В каменном погребе, сказывают перебежчики, в торце. На брод глядит. — Окунев тяжело оперся обеими руками на стол. — Вот он-то мне всю обедню и портит. Сунешься открыто — он тебя на броде, как утей на пруду, и положит. Оттого и тихо тебе велю. Тихо подойти надо до самой хаты: загремит раньше, чем возьмёшь офицера, — считай, дело пропало. А как взял своё — телефон, бумаги, языка, — уходи хоть с громом. Держать хутор не надо, нам не он нужен, а то, что при нём.
— Понял, ваше высокоблагородие, — ответил я. — Дозвольте по-своему. Народу мало возьму, зато верного.
— Бери. Тебе и отвечать. — Он надел пенсне обратно, и стёкла тускло блеснули в свете лампы. — Только уговор, прапорщик: людей мне не клади зря. Сведения — сведениями, а живой охотник дороже всякой бумаги. Сберёг — молодец вдвойне. — Он помолчал и прибавил, уже мягче, по-стариковски: — Я ведь, прапорщик, отчего тебя посылаю, а не роту в лоб гоню? Оттого, что верю: ты людей назад приведёшь. Гляди же, не обмани.
Я вышел от него в стылую октябрьскую темноту и шёл к своим, и думал не о холме, не о пулемёте, не о телефоне даже — а о том, ради чего всё это и затевалось. Я ведь не зря гнул команду в три погибели, не зря выпрашивал у полка холостые патроны да валял мужиков в грязи. Я её на это самое дело и растил. Сколачивал я охотничью команду затем, чтобы делать малой кровью то, что иначе стоит реки крови. Вот оно и пришло, то самое дело. Первое настоящее. И никто мне теперь не скажет наперёд, выдержит ли моя выдумка чужой пулемёт в потёмках или рассыплется при первом крике, — это решит ночь, не я. Своих я в ту ночь поведу шестерых. Сколько приведу назад — про то знать не дано.
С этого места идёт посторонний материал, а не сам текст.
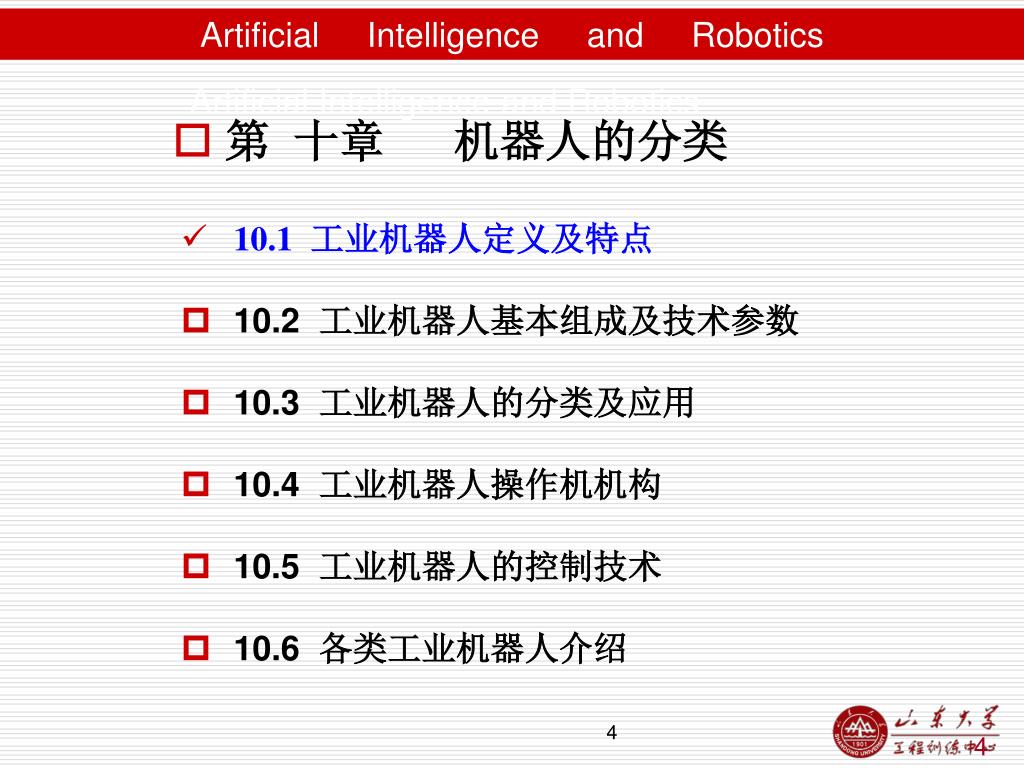 Artificial Intelligence and Robotics • 第 十章 工业机器人 • 10.1 工业机器人定义及特点 • 10.2 工业机器人基本组成及技术参数 • 10.3 工业机器人的分类及应用 • 10.4 工业机器人操作机机构 • 10.5 工业机器人的控制技术 • 10.6 各类工业机器人介绍 2014/9/19 3

В ночь мы вышли вшестером — я взял Сороку, сибиряка, бородача и двоих из натасканных, потише да понадёжнее.
Зотова с его пулемётом оставил при наших передовых, в кустах у брода: придётся отходить с шумом, под огнём — будет кому прикрыть нас длинной очередью да остудить тех, кто кинется в погоню. Прошку опять не взял. Он опять надулся, опять смолчал — но я был твёрд: подрастёт. Зато при Зотове вторым номером поставил, ленту подавать, — пусть хоть с краю, хоть с того берега поглядит на настоящее дело.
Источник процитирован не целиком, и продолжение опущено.